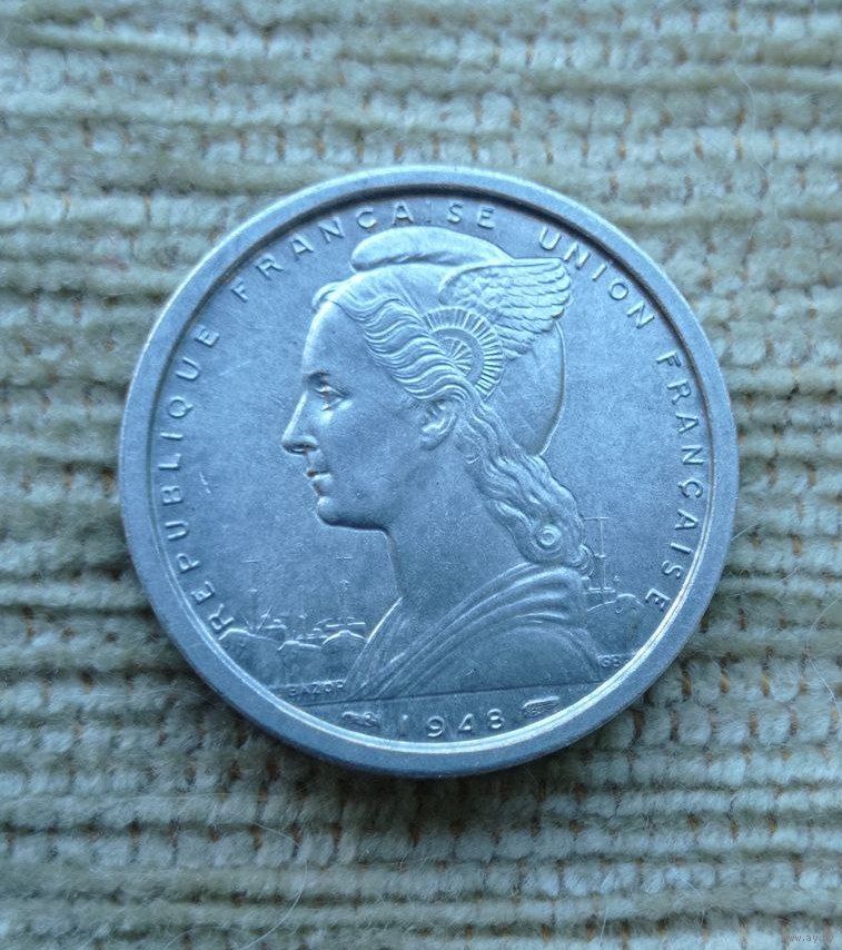 Werty71 Сен-Пьер и Микелон Французский 2 франка 1948 Корабль Либертина Блеск
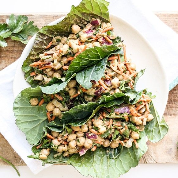 3. На каждый лист капусты Кале выложите часть начинки и полейте сверху соусом тахини. Также можно добавить сверху немного соуса шрирача (сирача).
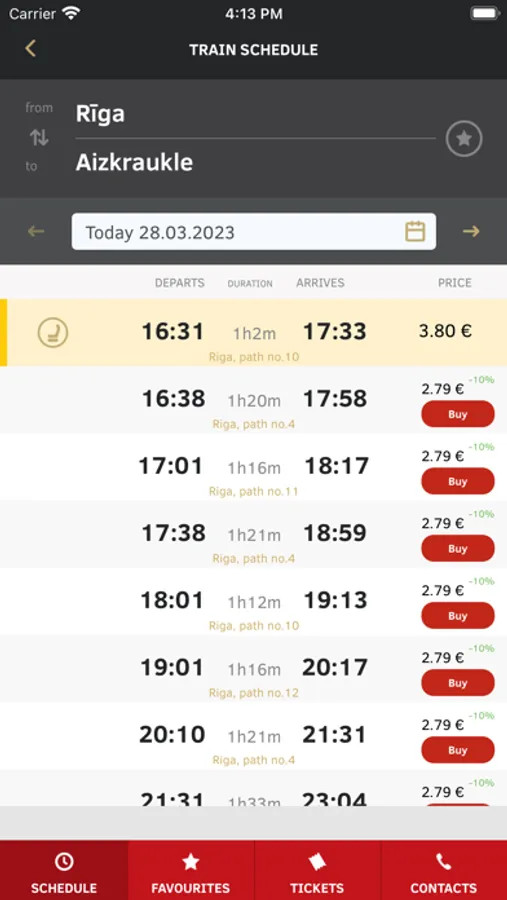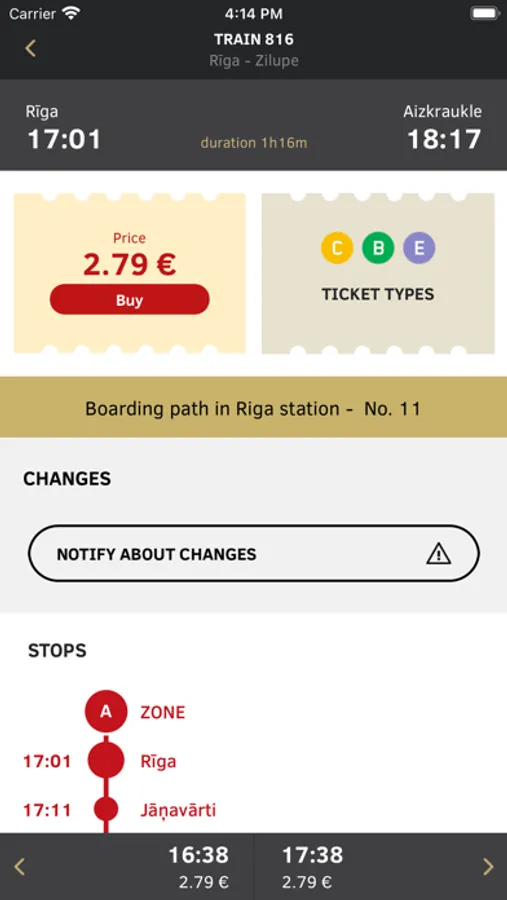 The application provides an opportunity to get all the latest information related to the railway traffic in Latvia:
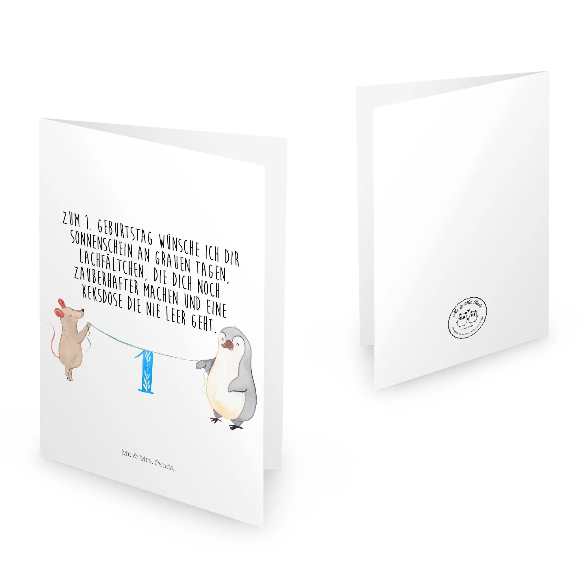 Feiere den ersten Geburtstag mit einer liebevollen Geburtstagskarte von Mr. & Mrs. Panda! 🎉 Diese ganz besondere Grusskarte mit dem süßen Motiv von einer Maus und einem Pinguin ist nicht nur ein wunderbares Geschenk, sondern auch eine herzliche Einladung zum Feiern. Die Karte ist genau das Richtige, um Deinen Lieben zu zeigen, wie sehr Du sie schätzt. Hier ist der perfekte Begleiter für den ersten Geburtstag - ein Tag, an dem Freude und Glück in der Luft liegen!
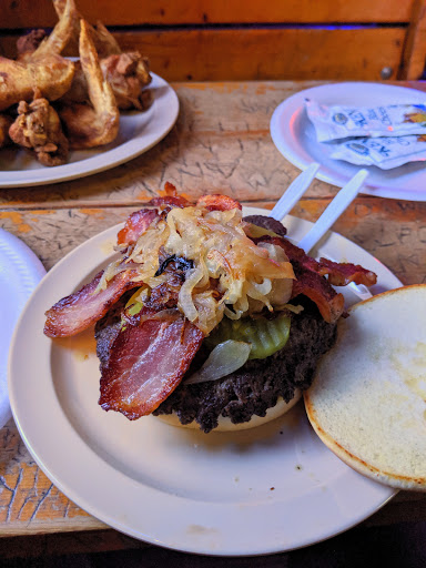 Eat the burgers they have huge piece of bacon , its a chill local sport bars
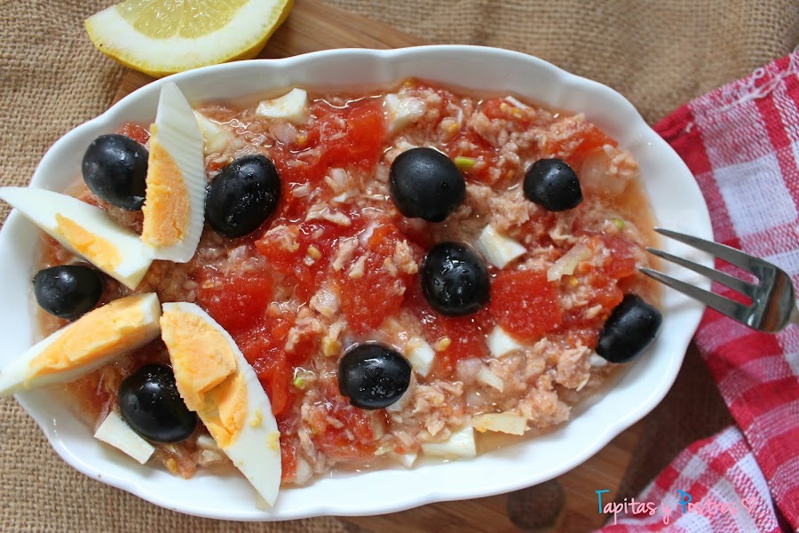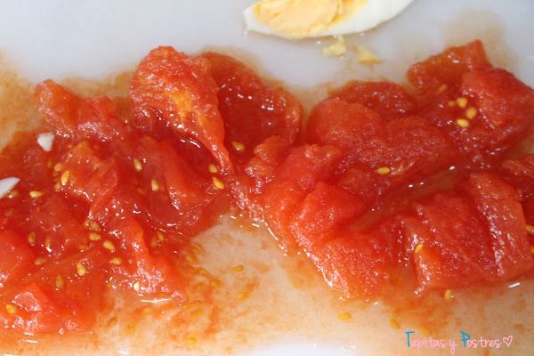 Y añadimos también el tomate y aliñamos. Adornamos con gajos de huevo cocido ¡Lista!
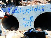 執(zhí)政當局士兵手持繳獲的卡扎菲鍍金手槍慶祝。利比亞執(zhí)政當局士兵圍觀卡扎菲藏身的下水道。據(jù)新華社電 利比亞“全國過渡委員會”20日確認,穆阿邁爾卡扎菲在家鄉(xiāng)蘇爾特落入執(zhí)政當局武裝之手,最終傷重不治。
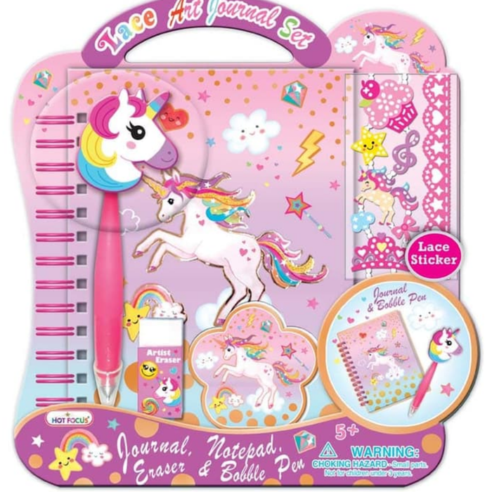 Hadiah besar untuk anak-anak dan pelajar dari segala umur. Sebuah jurnal dengan stiker renda yang hadir dalam banyak desain menarik. Meliputi pena berbaju lucu untuk membuat pengorganisasian pikiran Anda lebih menyenangkan. Untuk usia 5 tahun keatas
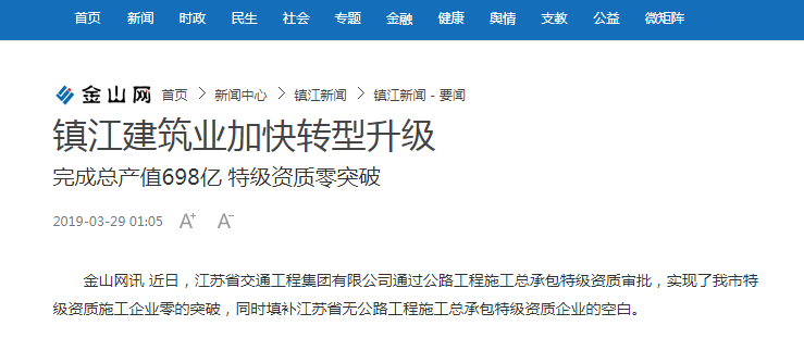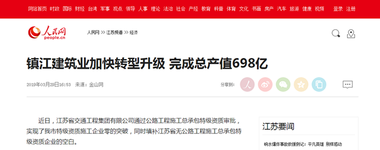 镇江金山网刊文/人民网转载:赞誉江苏交工成为镇江建筑业转型发展的“领头雁”
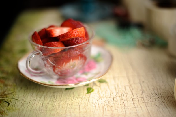 Sometimes I save my fruit for a midday snack – 2 cups of sliced strawberries counts as a fruit so I split it up into two 1-cup servings and spread it out over the day. This is one cup – a perfect snack! A veces guardo mi fruta para comerla como snak al medio dia – 2 tazas de frutilla cortada cuenta como 1 fruta asi que las dividi en dos porciones de 1 taza y las comi a lo largo del dia. Esta es una taza – un snack perfecto!
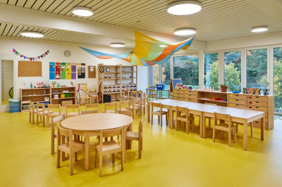 Trotz der Eile am Bedarf für neue Kindergartenräume blickte man zuerst in die statistischen Bücher der Gemeinde und erkannte, dass die Zahl der Kindergartenschüler auch in den kommenden Jahren steigen wird. Innert nur 15 Wochen wurde der Doppelkindergarten im 2014 gebaut. In der Planung wurde dabei bereits die spätere Aufstockung berücksichtigt: Die Statik sowie sämtliche Installationen/Leitungen wurden für insgesamt vier Kindergärten ausgelegt und entsprechend vorbereitet. Im 2020 erfolgte dann innert 18 Wochen die Erweiterung um zwei Kindergärten im Obergeschoss. Seither verfügt die Schule Aarburg im «Paradiesli» über vier Kindergärten mit jeweils einer Kindergartenstube, Gruppenraum, Arbeitsraum, Garderobe, WC und einem Nebenraum bzw. Lagerräumlichkeiten.
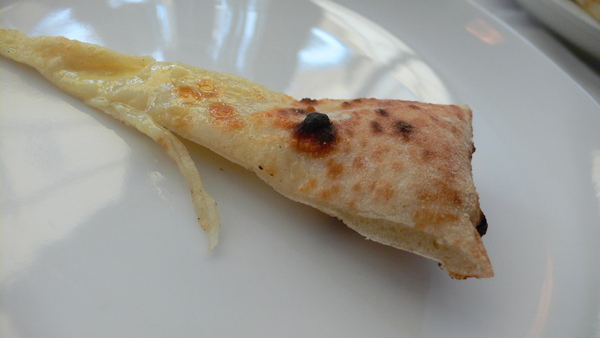 *Primo的餅皮有拿玻里披薩特色的cornicione,相對於羅馬式薄餅皮(Sabatini和西華Toscana)的酥脆,它更加Q軟,嚼得出麵粉的香甜。如果是冷凍麵糰烤出來的披薩,cornicione的口感會更緊實、甚至有點像麻糬。上面的黑點點,據我當廚師的大姊解釋,可能是因為酵母發酵有糖份,比較容易焦掉的關係。
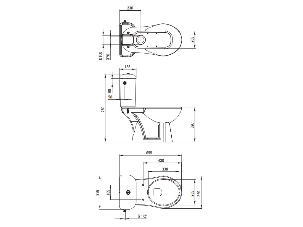 Keramické WC kombi se spodním vývodem je vyrobeno z vysoce kvalitní sanitární keramiky v nadčasové bílé barvě. Díky rozměrům 80,5 × 36 × 65,5 cm (výška, šířka, délka) se hodí i do menších koupelen či samostatných toalet. WC je navrženo pro snadnou instalaci a jednoduchou údržbu, což oceníte při každodenním používání. Nádržka o objemu 10 litrů nabízí úsporné dvojité splachování – malé 3 litry a velké 6 litrů. Součástí balení je soft-close WC sedátko a veškeré technické specifikace jsou přehledně uvedeny v nákresu WC.
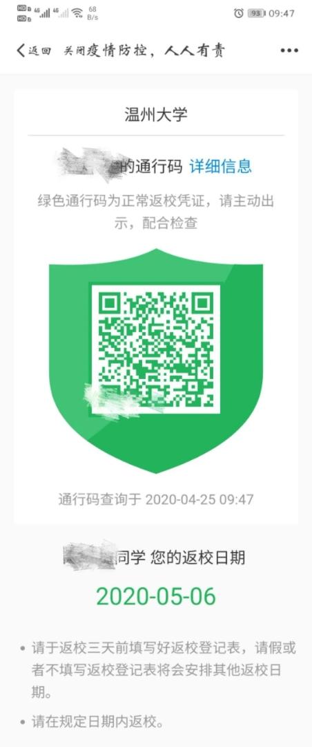 截止5月9日,香蕉视频 所有本科生和研究生近15000人均已通过“我的温大”APP申请了“返校码”。
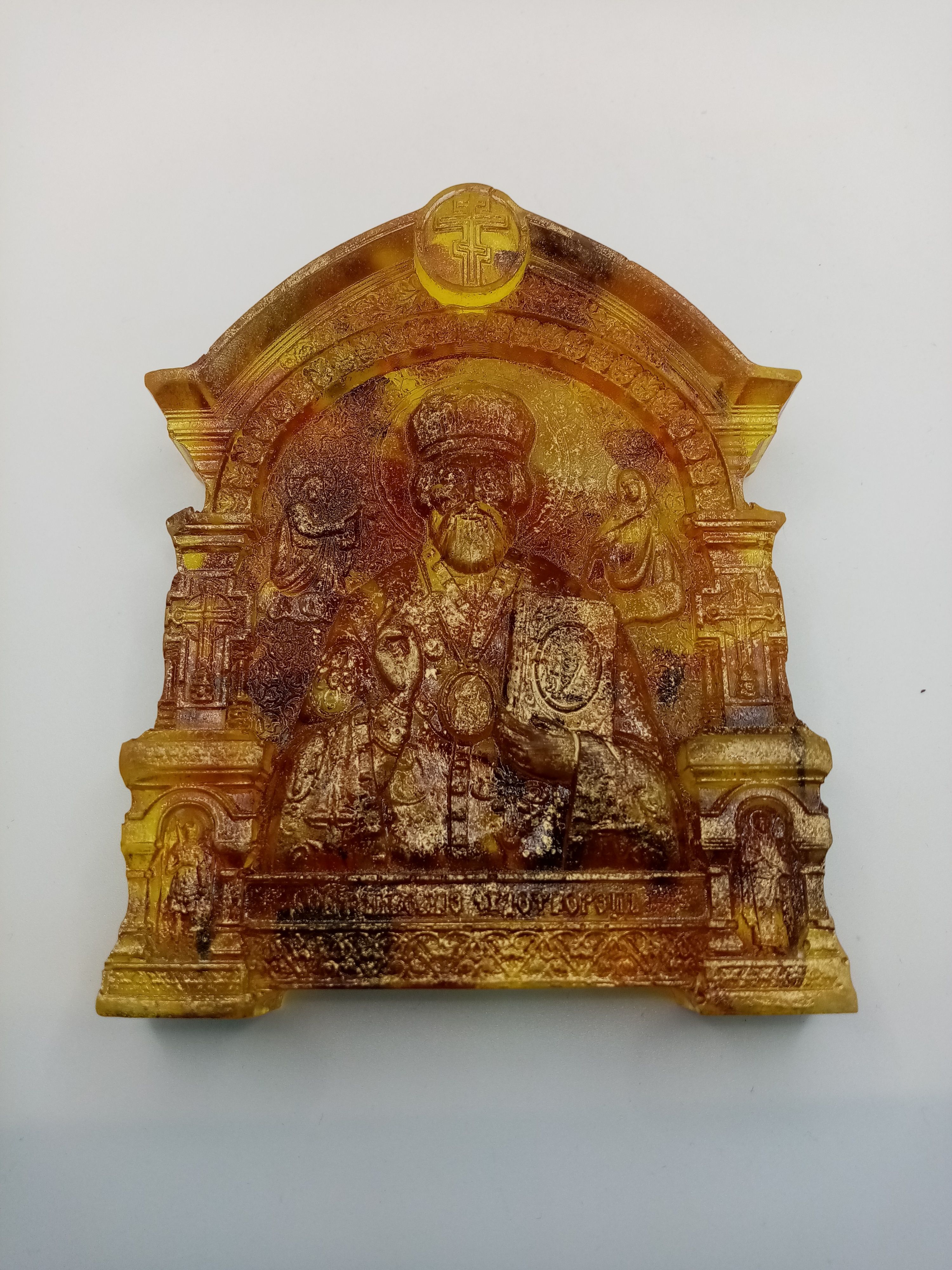 Ювелирная смола, натуральный янтарь. Размер иконы: высота 11 см., ширина 9 см., масса 157г.
────────
▶ _EXERCISE DESCRIPTION_: For this step, transcribe all the material above exactly and drop the images.

▶ _EXERCISE OUTPUT_:
 Werty71 Сен-Пьер и Микелон Французский 2 франка 1948 Корабль Либертина Блеск
 3. На каждый лист капусты Кале выложите часть начинки и полейте сверху соусом тахини. Также можно добавить сверху немного соуса шрирача (сирача).
 The application provides an opportunity to get all the latest information related to the railway traffic in Latvia:
 Feiere den ersten Geburtstag mit einer liebevollen Geburtstagskarte von Mr. & Mrs. Panda! 🎉 Diese ganz besondere Grusskarte mit dem süßen Motiv von einer Maus und einem Pinguin ist nicht nur ein wunderbares Geschenk, sondern auch eine herzliche Einladung zum Feiern. Die Karte ist genau das Richtige, um Deinen Lieben zu zeigen, wie sehr Du sie schätzt. Hier ist der perfekte Begleiter für den ersten Geburtstag - ein Tag, an dem Freude und Glück in der Luft liegen!
 Eat the burgers they have huge piece of bacon , its a chill local sport bars
 Y añadimos también el tomate y aliñamos. Adornamos con gajos de huevo cocido ¡Lista!
 執(zhí)政當局士兵手持繳獲的卡扎菲鍍金手槍慶祝。利比亞執(zhí)政當局士兵圍觀卡扎菲藏身的下水道。據(jù)新華社電 利比亞“全國過渡委員會”20日確認,穆阿邁爾卡扎菲在家鄉(xiāng)蘇爾特落入執(zhí)政當局武裝之手,最終傷重不治。
 Hadiah besar untuk anak-anak dan pelajar dari segala umur. Sebuah jurnal dengan stiker renda yang hadir dalam banyak desain menarik. Meliputi pena berbaju lucu untuk membuat pengorganisasian pikiran Anda lebih menyenangkan. Untuk usia 5 tahun keatas
 镇江金山网刊文/人民网转载:赞誉江苏交工成为镇江建筑业转型发展的“领头雁”
 Sometimes I save my fruit for a midday snack – 2 cups of sliced strawberries counts as a fruit so I split it up into two 1-cup servings and spread it out over the day. This is one cup – a perfect snack! A veces guardo mi fruta para comerla como snak al medio dia – 2 tazas de frutilla cortada cuenta como 1 fruta asi que las dividi en dos porciones de 1 taza y las comi a lo largo del dia. Esta es una taza – un snack perfecto!
 Trotz der Eile am Bedarf für neue Kindergartenräume blickte man zuerst in die statistischen Bücher der Gemeinde und erkannte, dass die Zahl der Kindergartenschüler auch in den kommenden Jahren steigen wird. Innert nur 15 Wochen wurde der Doppelkindergarten im 2014 gebaut. In der Planung wurde dabei bereits die spätere Aufstockung berücksichtigt: Die Statik sowie sämtliche Installationen/Leitungen wurden für insgesamt vier Kindergärten ausgelegt und entsprechend vorbereitet. Im 2020 erfolgte dann innert 18 Wochen die Erweiterung um zwei Kindergärten im Obergeschoss. Seither verfügt die Schule Aarburg im «Paradiesli» über vier Kindergärten mit jeweils einer Kindergartenstube, Gruppenraum, Arbeitsraum, Garderobe, WC und einem Nebenraum bzw. Lagerräumlichkeiten.
 *Primo的餅皮有拿玻里披薩特色的cornicione,相對於羅馬式薄餅皮(Sabatini和西華Toscana)的酥脆,它更加Q軟,嚼得出麵粉的香甜。如果是冷凍麵糰烤出來的披薩,cornicione的口感會更緊實、甚至有點像麻糬。上面的黑點點,據我當廚師的大姊解釋,可能是因為酵母發酵有糖份,比較容易焦掉的關係。
 Keramické WC kombi se spodním vývodem je vyrobeno z vysoce kvalitní sanitární keramiky v nadčasové bílé barvě. Díky rozměrům 80,5 × 36 × 65,5 cm (výška, šířka, délka) se hodí i do menších koupelen či samostatných toalet. WC je navrženo pro snadnou instalaci a jednoduchou údržbu, což oceníte při každodenním používání. Nádržka o objemu 10 litrů nabízí úsporné dvojité splachování – malé 3 litry a velké 6 litrů. Součástí balení je soft-close WC sedátko a veškeré technické specifikace jsou přehledně uvedeny v nákresu WC.
 截止5月9日,香蕉视频 所有本科生和研究生近15000人均已通过“我的温大”APP申请了“返校码”。
 Ювелирная смола, натуральный янтарь. Размер иконы: высота 11 см., ширина 9 см., масса 157г.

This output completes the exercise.